It is also interesting to contrast this relaxed and homely display intended for known patrons (note the details of the coal scuttle, the kettle on the stove, the towel draped over the back of a chair…), with the more impressive yet more anonymous exhibition of sculpture for an international public to which Circe would shortly travel. The Paris Exposition universelle of 1900 represented the culmination of Drury’s fame as an exhibiting artist — but it was also the occasion for an innovative experiment in artistic self-curation by a sculptor that Drury knew and admired, when Auguste Rodin put on a retrospective of his own sculpture, alongside, but apart from, the official international exhibition in the specially constructed Pavilion de l’Alma, thereby implicitly criticizing the institution of the world’s fair as an effective venue for the display of sculpture. A solo exhibition was unusual for a sculptor (Drury would never have one). Here in Rodin’s exhibition, as Ruth Butler has argued, ‘an important aspect of the show’s novelty was the loose and open arrangement of the works, in stark contrast to the rigidity of the official sculpture exhibitions.’5
The photograph of Drury’s own arrangement of his works in his Gunter Grove studio was a key point of reference during the process of curating the exhibition ‘Alfred Drury and the New Sculpture’ (Studio 3 Gallery, University of Kent, 30 September to 20 December 2013, and the Stanley & Audrey Burton Gallery, University of Leeds, 15 January to 13 April 2014). At first, its interest was principally documentary, as one of the chief aims of the exhibition was to advance historical research into a significant artist who had been somewhat unfairly neglected in recent accounts of Victorian and Edwardian sculpture (admittedly a field teeming with talented artists). The photograph was also of logistical interest as it recorded a number of Drury’s works together, versions of which were available as loans from different sources for the exhibition: for example, the two versions of the plaque The Little Duchess in plaster and bronze — the first leaning on the shelf forming a type of ‘mantelpiece’ to the stove, the other hanging from the picture rail above — modelled from Gracie Doncaster, the daughter of family friends, which Drury would exhibit at the Royal Academy in 1900. Increasingly, however, as I considered it, the photograph seemed to offer the solution to certain practical problems of effectively arranging the display of smaller works in a large, ‘white cube’-style gallery, and, furthermore, to point the way to a particular curatorial approach towards Drury’s works in the exhibition.
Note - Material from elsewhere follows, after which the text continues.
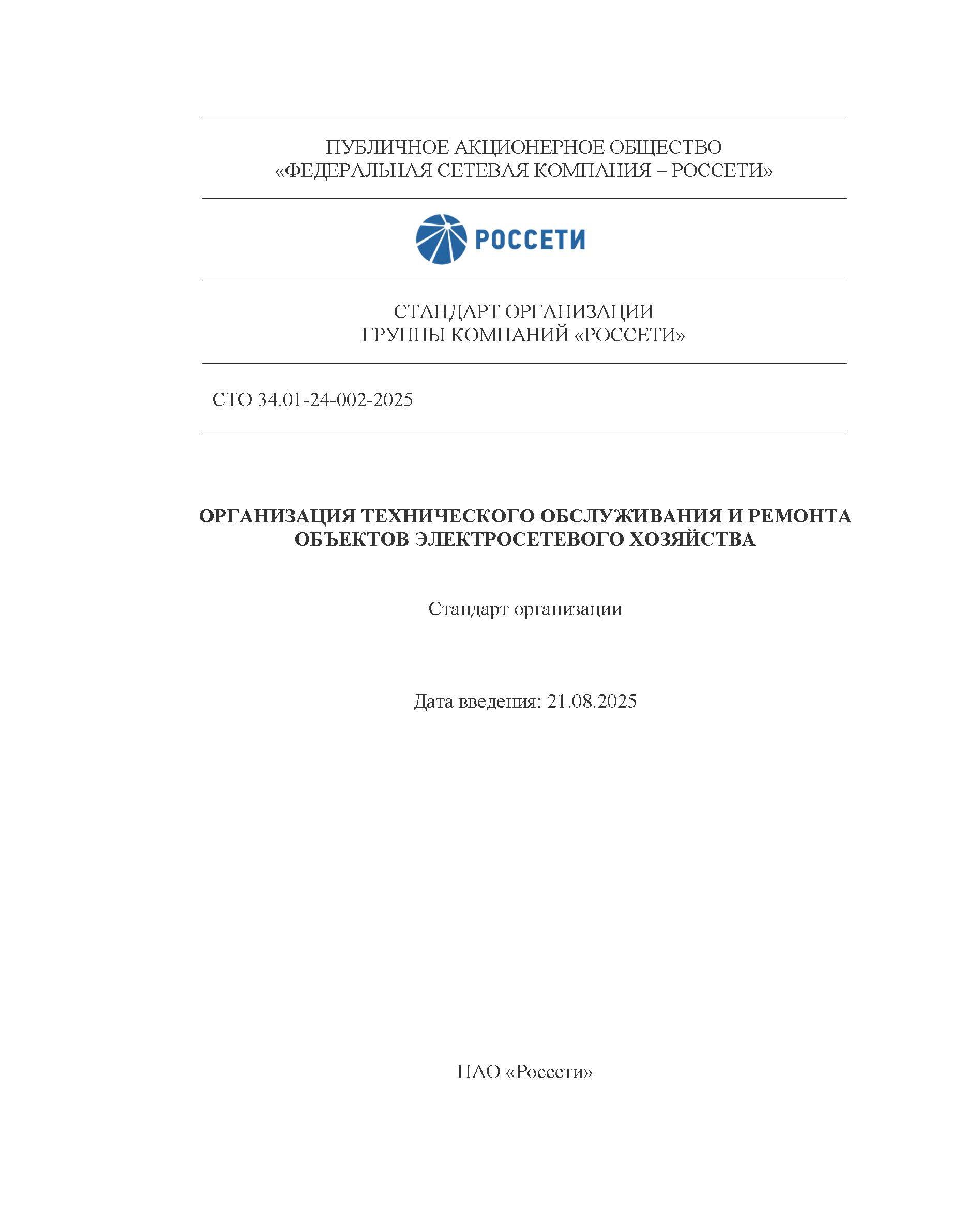 Взамен СТО 34.01-24-002-2021 «Организация технического обслуживания и ремонта объектов электросетевого хозяйства», утв. Распоряжением ПАО «Россети» от 29.07.2021 № 268р.

Studio 3 Gallery is situated in the Jarman Building, built in 2010 for the School of Arts at the University of Kent. It is a space 144 square metres in dimension, with a concrete floor, a high ceiling spanning two storeys of the building, and unadorned white walls. Although this space has hosted exhibitions of contemporary sculpture by the artists Ana Maria Pacheco and Richard Rome to impressive effect, it is not a natural fit with late nineteenth-century sculpture, especially works of a modest size. Experiments carried out in Studio 3 Gallery with Drury’s statuette Spring (1890), which is 42 cm high, showed that placed on its own plinth the work appeared lost and diminished in this large and hard-edged gallery space. Grouping together smaller sculptural works, as Drury had done in his studio, was potentially a way to overcome this problem by enhancing their visual impact as a series of composed tableaux, giving the display greater coherence and a sense of flow through this unforgiving space.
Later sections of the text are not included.